Foreign and Colonial NewsThe Illustrated London News, vol. 42, no. 1202, p. 502.
May 9, 1863
By the arrival of the steamers City of Baltimore and Hibernian we have New York journals to the 25th ult.
The Federal gun-boats on the Nansemond River, Eastern Virginia, and a Federal force co-operating therewith, have stormed a Confederate battery of six guns and captured 200 prisoners.
The Confederates have abandoned the siege of Washington, North Carolina.
Admiral Dupont's iron-clad fleet still remains off Charleston Harbour. The Charleston Mercury asserts that the guns of the sunken Federal ironclad Keokuk have been recovered by the Confederates.
On the Mississippi there was considerable activity.

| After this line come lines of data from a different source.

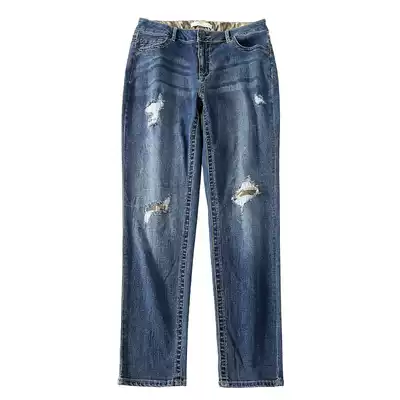Foreign trade Europe and the United States large size women's spring and summer clothes fat mm repair program hole jeans BF smoke pipe pants 200 kg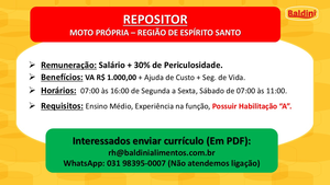 Requisitos: Ensino Médio, Experiência na função, Possuir Habilitação "A".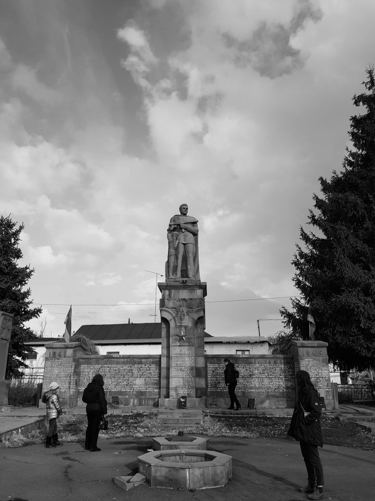 The village of Garni itself is really small and is living mainly off the (mainly Russian) tourists coming to visit the temple. This village did not escape the Soviet desire to leave its omnipresent footprint: a big memorial to the Second World War is visible when entering the village. Where an eternal flame was supposed to be burning, as stoker stands parched.
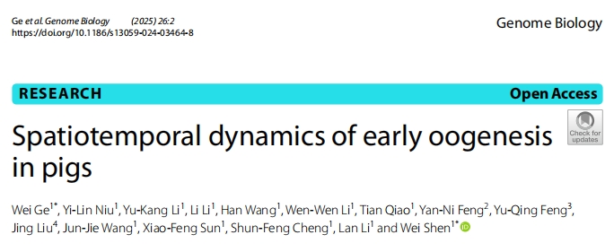 2025年1月,青島農業(yè)大學(xué)葛偉教授與沈偉教授團隊在學(xué)術(shù)期刊《Genome Biology》上發(fā)表了一篇題為《Spatiotemporal dynamics of early oogenesis in pigs》的研究論文。該研究利用了單細胞RNA測序和空間轉錄組技術(shù),解析了豬早期卵子發(fā)生中的基因表達及空間組織特征。研究發(fā)現,豬生殖細胞在卵巢中呈“皮質(zhì)到髓質(zhì)”分布,且與人類(lèi)卵子發(fā)生過(guò)程相似,表明豬是研究人類(lèi)卵子發(fā)生的良好模型。RNA速度分析揭示了顆粒細胞譜系特征,空間共定位分析和細胞通訊分析顯示皮質(zhì)與髓質(zhì)區域生殖細胞與體細胞通訊模式不同,特別是NOTCH信號通路和ECM蛋白在調控中起關(guān)鍵作用,強調了卵巢微環(huán)境對生殖細胞命運的重要性。

On the night of the 16th Admiral Porter, with seven gun-boats, one ram, and three transports, attempted to pass the Vicksburg batteries. One transport was obliged to return, another was burnt, and it is supposed that all on board were lost. The remainder of the vessels passed safely. Eleven Federal gun-boats, including Admiral Farragut's three, are now below Vicksburg. They have destroyed the Confederate batteries at Warrenton, about twenty miles below Vicksburg, and are anchored at New Carthage, where General Grant's head-quarters are established, and to which place a portion of General Grant's army had proceeded overland.
The steamer Queen of the West, recently captured by the Confederates, has been blown up by the Federal gun-boats and her crew captured. The Confederate steamer Diana has also been burnt on the Atchafayala River.
A portion of the forces under General Banks was above Franklin, Louisiana, on the River Teche. The object of General Banks's expedition was to capture Franklin, where all the Confederates below the Red River are supposed to be posted, and a victory at this place would open the way for an advance of the Federals to the Red River.
A Federal division had made an expedition from Greenville, Mississippi, up Deer Creek, and, during six days, destroyed property on various plantations estimated at 3,000,000 dols., consisting of cotton-mills, cotton-gins, and 700,000 bushels of corn. They likewise brought away a considerable amount of stores.
The Confederate ship-of-war Florida captured the Boston barque Lapwing on the 27th of March, and put two guns and eighteen men on board. She has also captured the New York barqu[e] Concord. About the same time the Alabama chased two vessels ashore in Turk's Island Passage.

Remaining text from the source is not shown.